Funny thing was, I'd never really been one of the weaker ones. Not even the pulsing pain in the base of my skull would convince me that I was.

I crossed my arms over my chest to mirror the more relaxed stance he'd had only a moment ago, my eyebrows climbing up my forehead. "You forget who you're talking to, my dear…" I paused, and one eyebrow dropped while the other only climbed higher. "Hm, it seems you've never deigned to tell me your name. Care to share?"

His head fell to leave his chin parallel to the floor, but the intensity of his gaze never faltered. "I expected you to know me. My mistake."

I waited for more, but he never went on, and I let loose a long, slow sigh. "Not very forthcoming, are you?
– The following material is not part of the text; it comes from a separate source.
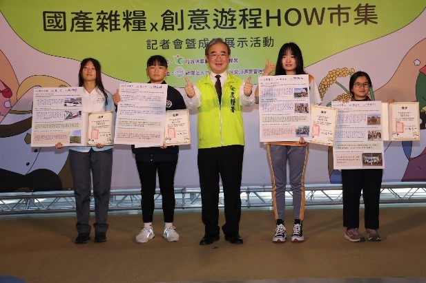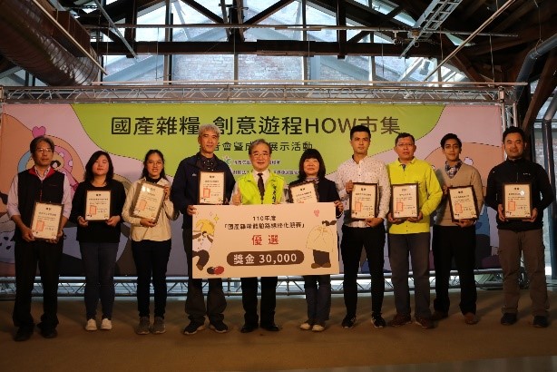 記者會開場邀請彰化市大竹國小帶來「臺灣是寶島,國產雜糧好」精彩表演,透過歌劇方式,讓國人了解國產雜糧不僅取得方便,還能減少碳足跡,希望國人支持國產雜糧一起節能減碳。緊接著進行110年度「國產雜糧體驗路線優化競賽」頒獎,由歷屆獲選單位優化路線內容,經專家學者輔導後,推出九條升級版路線。為期勉各單位對於雜糧產業推廣的用心,特別加碼評選團優選獎,分別為新北市三芝區農會、田野勤學、台南市西港區農會,擔任評選委員的優勢品牌包裝設計公司蔡健國創意總監表示,期許未來在雜糧推廣影片中善用空拍技術與利用動態影片呈現方式,將國產雜糧的核心價值清楚明確的傳播於國人,以提升國人對國產雜糧的認識。
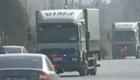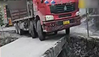 实拍大货车转弯过窄桥

Well, my dear Ring Leader — because that's what you are, my dear: the petty leader of a dying three-ring circus — you might want to watch yourself. I may not have the strength to take you down just yet, but in time, I'll have all I need." I smiled crookedly. "You can bet on it."

He dropped his head and smiled almost secretively. "If you weren't causing such trouble for our kin, Verapaini, I would do everything in my power make you mine." Before I could respond — and thank Satan for that, because I had no idea what I would even say — he raised his eyes to mine and went on in that thunderous voice of his. "There are two among our ranks who have begun to stray from the task at hand — not enough to provoke any punishment from me, but enough that I no longer care for their safety."
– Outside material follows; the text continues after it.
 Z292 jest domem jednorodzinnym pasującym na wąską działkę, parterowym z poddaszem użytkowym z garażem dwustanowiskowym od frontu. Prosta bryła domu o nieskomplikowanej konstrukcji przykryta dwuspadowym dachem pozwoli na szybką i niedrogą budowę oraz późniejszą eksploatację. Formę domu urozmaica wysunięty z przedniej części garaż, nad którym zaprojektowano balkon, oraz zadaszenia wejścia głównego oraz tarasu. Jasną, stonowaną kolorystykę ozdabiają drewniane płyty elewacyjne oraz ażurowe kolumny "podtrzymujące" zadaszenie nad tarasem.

I straightened, ears perked, interest piqued. Straying from the Demon Council? Juicy.

"They've become quite…enraptured with one another, if you will," he continued, and his gaze drifted to the ceiling once more, contemplative, "acting almost like you in a way — primal in their insatiable desire for their carnal endeavors." His eyes dropped suddenly, his expression hard but painfully unreadable. "Their abilities are far superior to your own. At least, from what I've witnessed of you with my own eyes. You likely won't make it through the battle, but it should all be good fun — for all of us."
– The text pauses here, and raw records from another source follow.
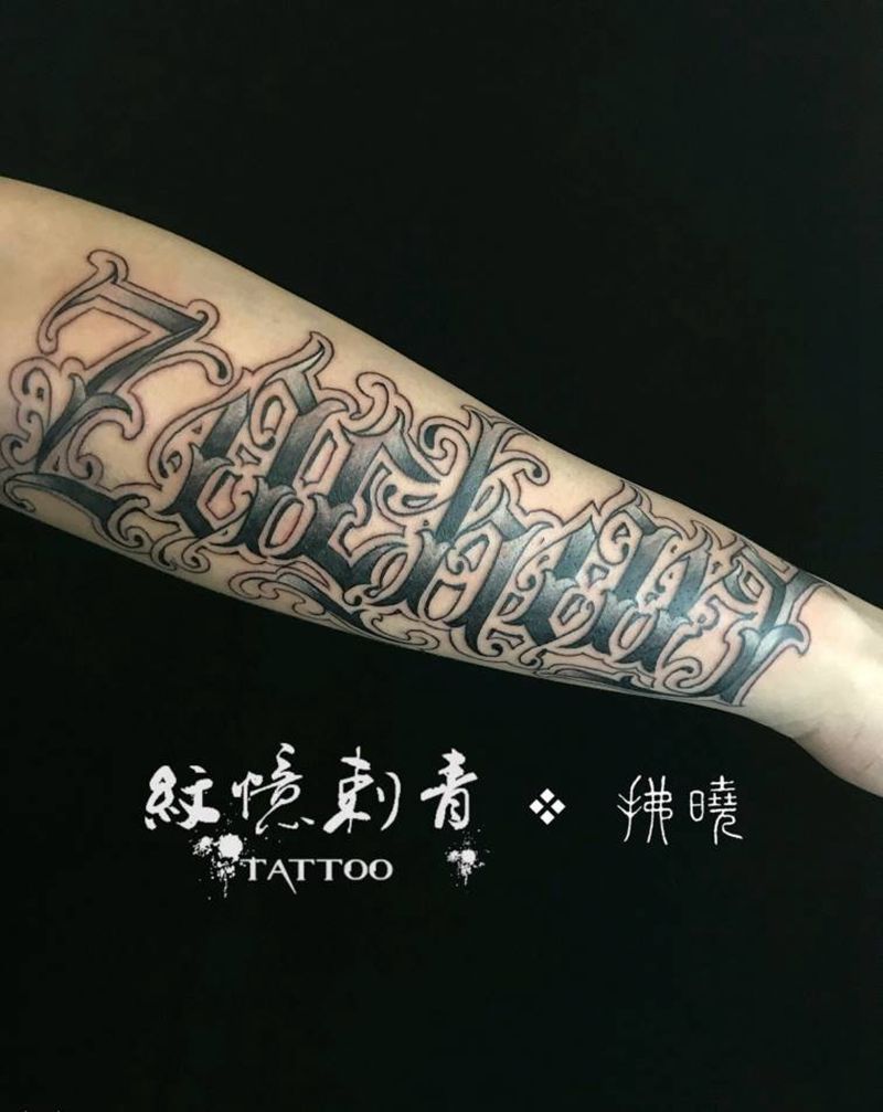 当前位置: 首页 >广东省东莞市纹身店-广东紋憶刺青纹身图案>手臂花体纹身图片
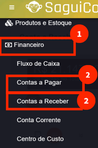 No menu principal do Viresco ERP, navegue até a seção de “Financeiro” > “Contas a Receber“ ou “Financeiro” > “Contas a Pagar“
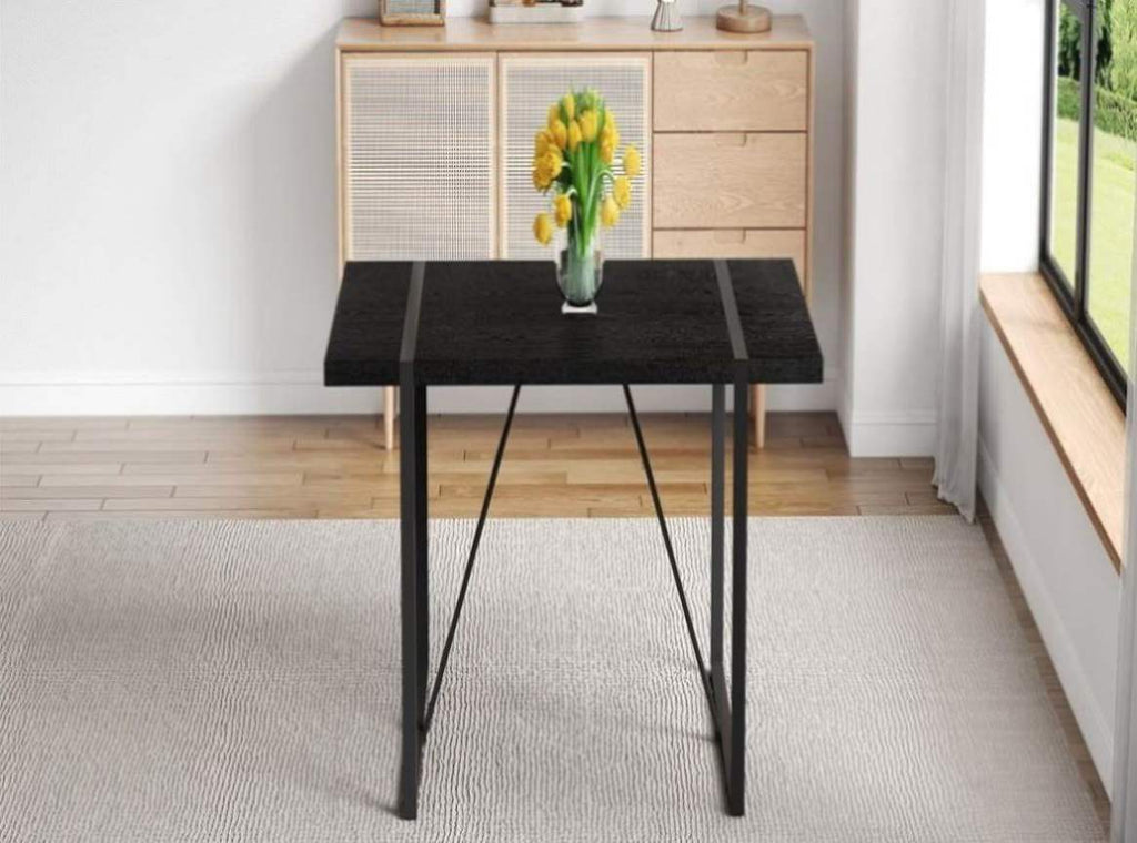 Inset Rectangular Metal Legs: The legs feature two rectangular black metal frames, inset within the table, tightly connected to the tabletop for stability.
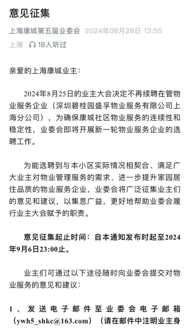 8月26日,上海康城第五届业主委员会在微信公众号上发布了一则公告称,经小区业主投票表决,决定不再续聘在管物业服务企业。

He began to fade then, flickering in the flame and dark smoke that grew over him like a slow-moving moss, and the barest hint of a smile broke out upon his face. "They spend most of their time on my side of Hell, but they've been spending more time on the surface as of late under the pretense of observing you." He chuckled lowly, all but his dark-skinned face covered in a thick, dancing wall of smoke now. "They think I don't know that they spend every other night in The Regency Motel, a mile outside of town. The simpletons." Even his face was nearly gone now — all but his eyes, like brown daggers that longed to pierce my skin and explore what lay beneath. I shuddered. "Your next chance to face them will present itself tomorrow evening, and I suggest you take advantage of it. Good luck, my dear." And then, he and his smoke vanished. Lauren and I were alone.

"You're going to do it, right?" the girl asked softly, and I listened to her soft footsteps approaching me as I pushed a pair of fingers against my temple. My head seemed to ache even more violently now that the leader had gone. "So he doesn't kill you?"

I turned to her as she drew to a stop at my side, my lip curling in a grimace. "Really, I have no desire to do anything that that asshat asks me to, but I don't have much of a choice here, do I? He's offered me the perfect opportunity." I let my eyes drift to where the man had last stood, and I thought I could detect just a wisp of smoke still floating there, inches above the floor — a mirage. "The chance to cut down his forces and the potential to have a great time doing it…" I frowned deeply, and the throbbing that rattled my skull increased twofold as I whispered, "But why? Why would he let me weaken his own personal army?"

"Are you going to do it?" she asked again, her tone gentle.

It was a trap. It had to be. But what choice did I have?

"Yeah," I murmured, looking to her face, her brow creased in a frown to mirror my own — beautiful in her too-human worry. "I guess I am."